My uncle (dad's brother) surprised me by showing up in the ER and relieved my dear friend who had been with me (and George) for eight plus hours. George and my uncle get along famously.  In April, my uncle had ended up in the hospital himself as the result of a traumatic emergency situation and George left work so that he could be with my uncle before his emergency surgery and continued to visit him after that.

Getting EEG in ER
I hated the ER. I felt like I was the only one that was watching over George, which my mom said she also felt when my brother was in the ER. One time when I was alone, George was both seizing and vomiting at the same time with the vent in his throat and I was screaming out the door for anyone to come help.
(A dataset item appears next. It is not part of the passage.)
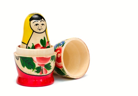Traditional wooden doll Matreshka (Babushka) isolated on a white background
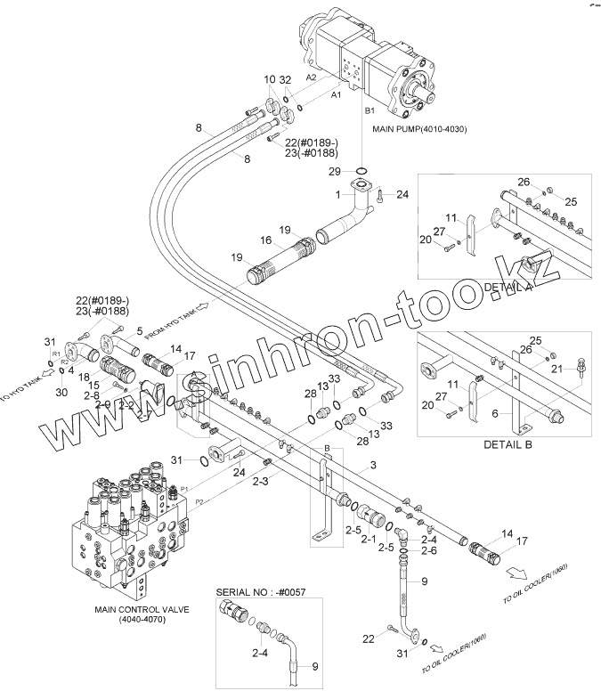 Каталог запасных частей к технике: Hyundai R170W-7. UPPER HYD PIPING (BASE)

After his MRI, an EEG was performed and he did not seize during the test at all (probably because he had been given an IV push of an anti-seizure med) until she took the leads off his head and he started seizing again. He spiked a fever from 97.9 at arrival in the ER to 102.6 and rising. An X-ray had determined when he arrived that George had some pneumonia. But after the temperature spike we had to take sepsis droplet precautions (i.e. masks) and as I had been touching him and talking in his ear and singing to him, I wasn't allowed to get too close anymore. The sepsis concern was scary as George already has a weakened immune system from the immuno-suppressant IV infusion he gets every eight weeks for his Crohn's disease.  
Sepsis precautions in ER.

George's parents who live 8 hours away were en route by vehicle. My dad, had been on a flight to a business conference on the other side of the country (eerily like my brother's situation) when he heard about George, he turned right around and flew directly to Chicago and my mom flew in as well.
ER RN, transporter & Respiratory Therapist
transporting George to ICU.

I had been told from almost the moment I was escorted into the ER that morning that George would be going to the Intensive Care Unit (ICU) but it took all day because they had to complete testing and get the results before he was transferred. He was brought to the ICU twelve hours after he arrived. Shortly after, his parents arrived as did another wonderful friend who had made me a Kelly-friendly supper for which I was so thankful! Finally, after an hour and a half of waiting in the ICU waiting room, we were allowed into the ICU to see George.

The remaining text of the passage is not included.